Pierre Gramegna, finance minister of Luxembourg, talks to Stefanie Linhardt about what effect international tax reforms will have on his country, and the importance of maintaining links with London even after the UK’s departure from the EU.

Pierre Gramegna

Q: Luxembourg’s economy has been growing strongly and the fiscal position has been strong. How is the implementation of international tax initiatives going to affect that position, considering the country’s attractive tax system?

A: Many observers over the past couple of years have been surprised at how the base erosion and profit-shifting [BEPS] initiative at the G20 level and the Organisation for Economic Co-operation and Development [OECD] level could conclude its immense work, and we now have an agreed framework with lots of proposals that all the countries are called upon to implement.

The EU has been a pioneer in this field, doing things more quickly. We have adopted two anti-tax avoidance directives in Europe and we are presently... implementing that.

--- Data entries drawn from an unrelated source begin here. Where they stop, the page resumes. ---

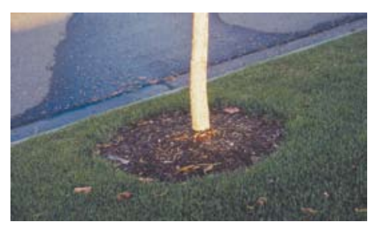
Maladjusted irrigation head.

expansion, shoot expansion and root initiation require water at fairly regular intervals. Once plants are established, however, irrigation can be adjusted accordingly. Abiotic problems related to irrigation operation can be due to moisture deficits resulting from improper scheduling and delivery or to flooding due to the failure of valves to shut off appropriately. Problems can be avoided by periodic checks to ensure that the system is operating correctly and delivery is appropriate for the plant, season and soil type.
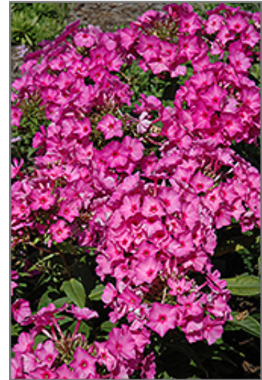
Flame Pink Garden Phlox flowers
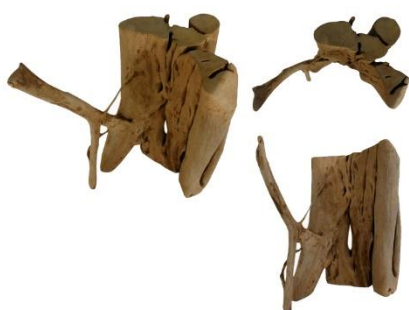
India Tree Bases #22 Height 26 Inches
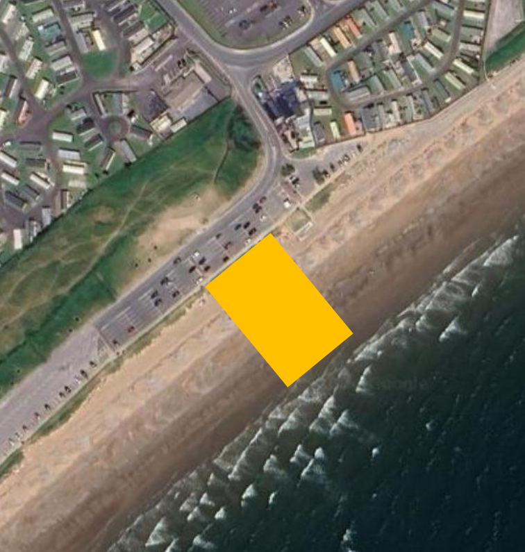
Phase 3: Beach works December 2024 - April 2025
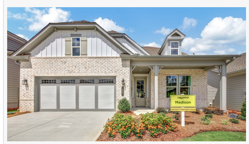
Madison front exterior
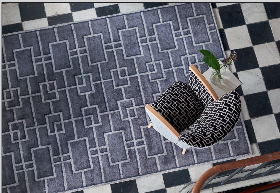
GRAPHIC RHEINSBERG GRANITE RUG
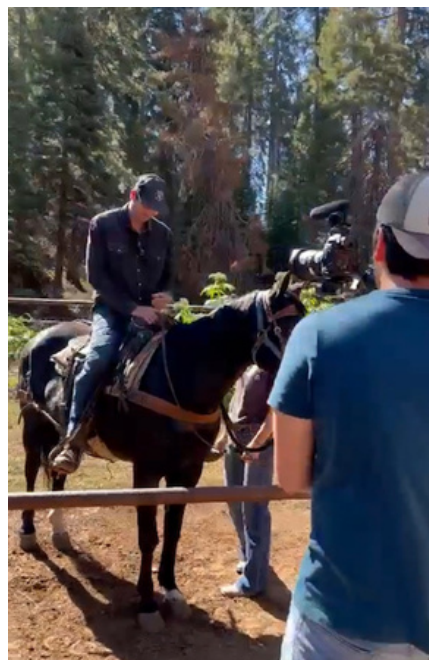
Filming at the Balch Park Pack Station
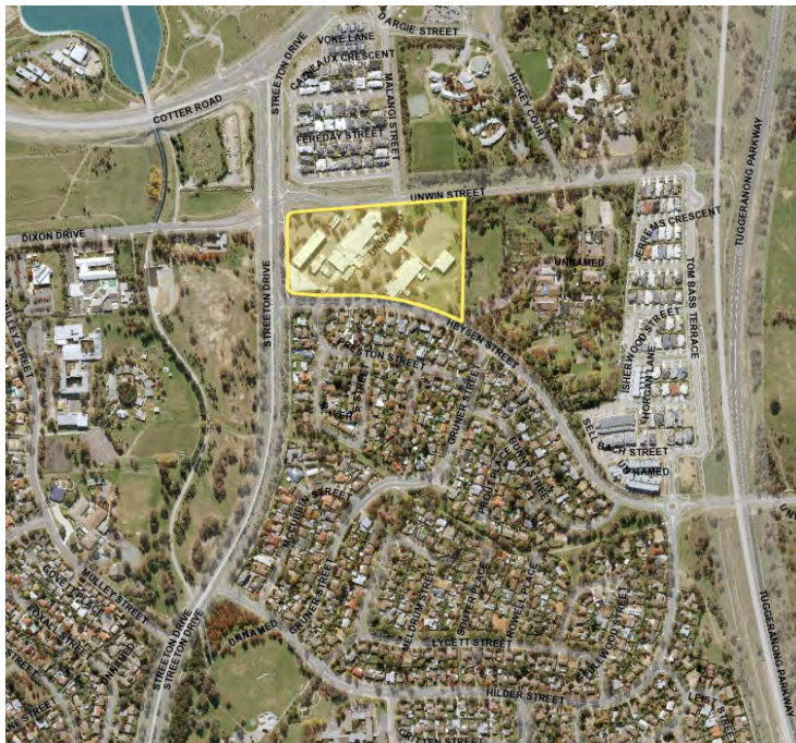
SUBJECT SITE AND SURROUNDS

HAVE YOUR SAY AND HELP INFORM THE DEVELOPMENT APPLICATION FOR THIS EXCITING PROJECT
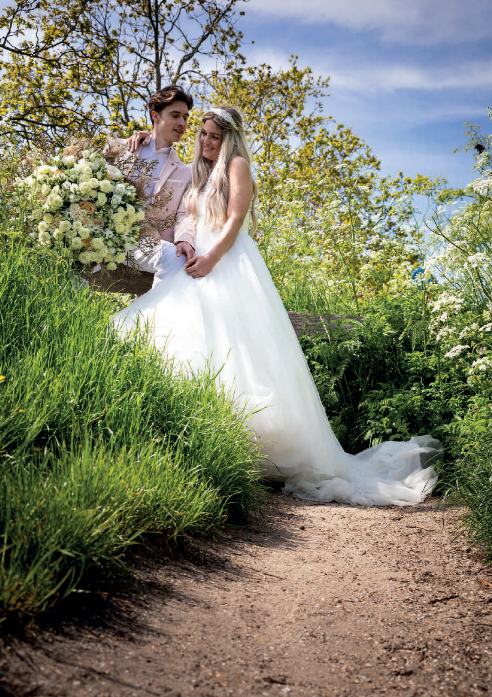
Lisianthus the Wedding flower
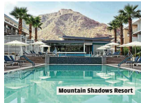
Mountain Shadows Resort
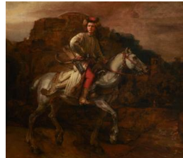
Title: The Polish Rider Date: ca. 1655 Primary Maker: Rembrandt Harmensz. van Rijn Medium: Oil on canvas Dimensions: 46 x 53 1/8 in. (116.8 x 134.9 cm)
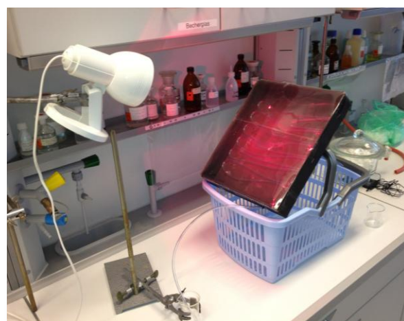
Figure 2. Example of sun collector model

The second major segment of the lesson plan focuses on heat conduction and thermal insulation. It is not the energy production, which is now the focus, but the reduction of heat loss in and around the house. The students compare two detached houses with each other with the
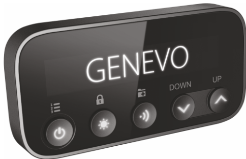
Radar Detector Genevo PRO
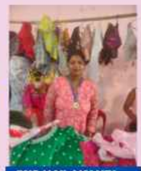
IWC HAILAKANDI Fund raiser to support women
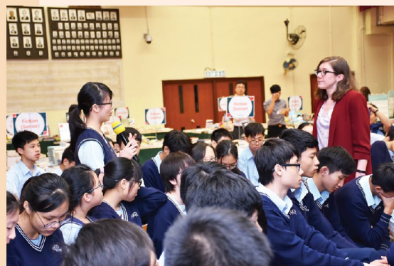
English Writer Talk
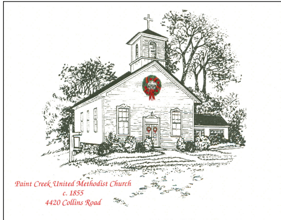
Paint Creek United Methodist Church c. 1855 4420 Collins Road
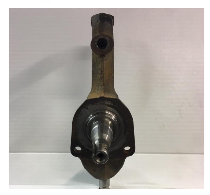
← Front of Car

Applications : 1959-64 Chevrolet Full Size Cars
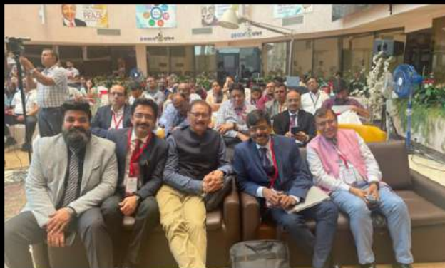
Faculty and Delegates, Mumbai
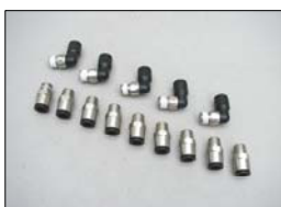
P/N: MFCS (Push/Lock Fittings for one Complete System)
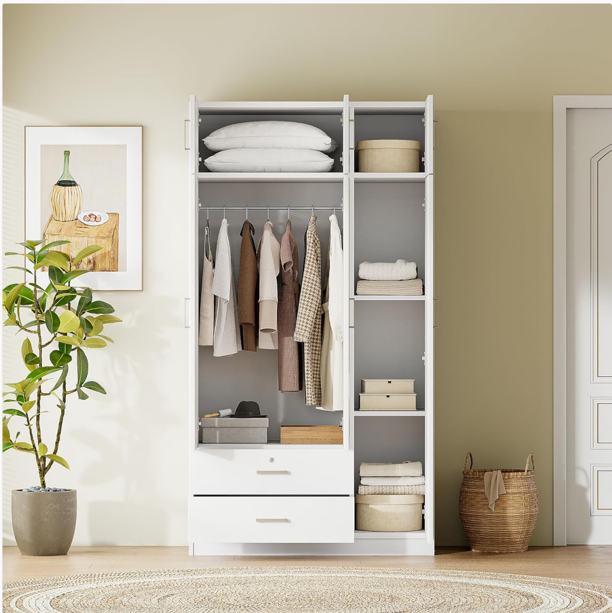
Figure 6.3: Organized interior showing various storage options.

Utilize the integrated hanging rods for clothes that require hanging. The adjustable shelves can be repositioned to accommodate items of various sizes. Ensure items are evenly distributed and do not exceed the stated weight limit of 45 pounds per section.

I would like to underline that this was only possible because of unanimity, so Luxembourg together with all the [other countries] was very eager to go forward with this way of implementing agreed standards.

Now you are asking me what Luxembourg thinks about it and how it could affect our economy. It is key to understand that we are doing this in parallel with other countries around the world. What the OECD BEPS initiative has done is to set a framework that will apply to all [major] countries and that means that we are all changing at the same time. In other words, we are building a level playing field. And when we all change at the same time, you do not make one country less competitive than the others. That is quite different from initiatives that would be taken on an individual basis.

Q: What is your view on the initiative from the EU to create a common corporate tax base? This idea has been suggested in the past and is being reintroduced.

A: The common corporate tax base directive was originally presented many years ago and failed to convince the members. Now the European Commission has built on the success of the BEPS initiative of the OECD and the G20 to relaunch that directive. Elements of the directive are picking up on this general framework, such as bringing the tax base of all the countries closer together.

I have two points to raise on that. One is that we must make sure that we do not make Europe less competitive than the rest of the world. We need a level playing field and we need to make sure that the goal that we want to achieve, to be maybe more convergent in terms of tax base, doesn’t mean that we make Europe less competitive.

The other is that we must look carefully at what is in the BEPS initiative, what we must take over and what is nice to have. Our parliament in Luxembourg has clearly stated that we must make sure that the directive builds on subsidiarity and proportionality, so [the EU] should only decide on matters that we really need.

Q: How much of an impact will the UK leaving the EU have on Luxembourg’s economy?

A: We have to distinguish the short term from the medium term. In the short term, as has been very evident, many players in London have to prepare for [an unpredictable] future. It has become obvious that after Brexit, the UK will not be able to keep full and automatic access to the EU single market. This being understood by everybody, and many companies are looking for a foothold, a headquarters, a subsidiary inside the EU single market, and many are considering Luxembourg. Some insurers have chosen Luxembourg – a couple of companies have already communicated that – and also some in asset management and probably also some in fintech are going to choose our country. So we are very pleased about that.

On the other hand, we insist on having as strong a bridge with London as we have today. Let’s also be realistic: it is not because you lose the automatic full access to the EU single market that you cannot do business together anymore. You can do it by using a subsidiary, as for example the Swiss banks have shown in the past.

But in the medium term, what is of concern to Luxembourg, and I suppose to many countries, is that once the UK walks out of the EU, the largest financial centre in the world will not be in the EU anymore, because London will probably remain the most important financial centre. So we need to build these bridges and we need to make sure that the UK and its financial centre get the right link with Europe. We don’t want to see the financial centre of London drift away into the Atlantic.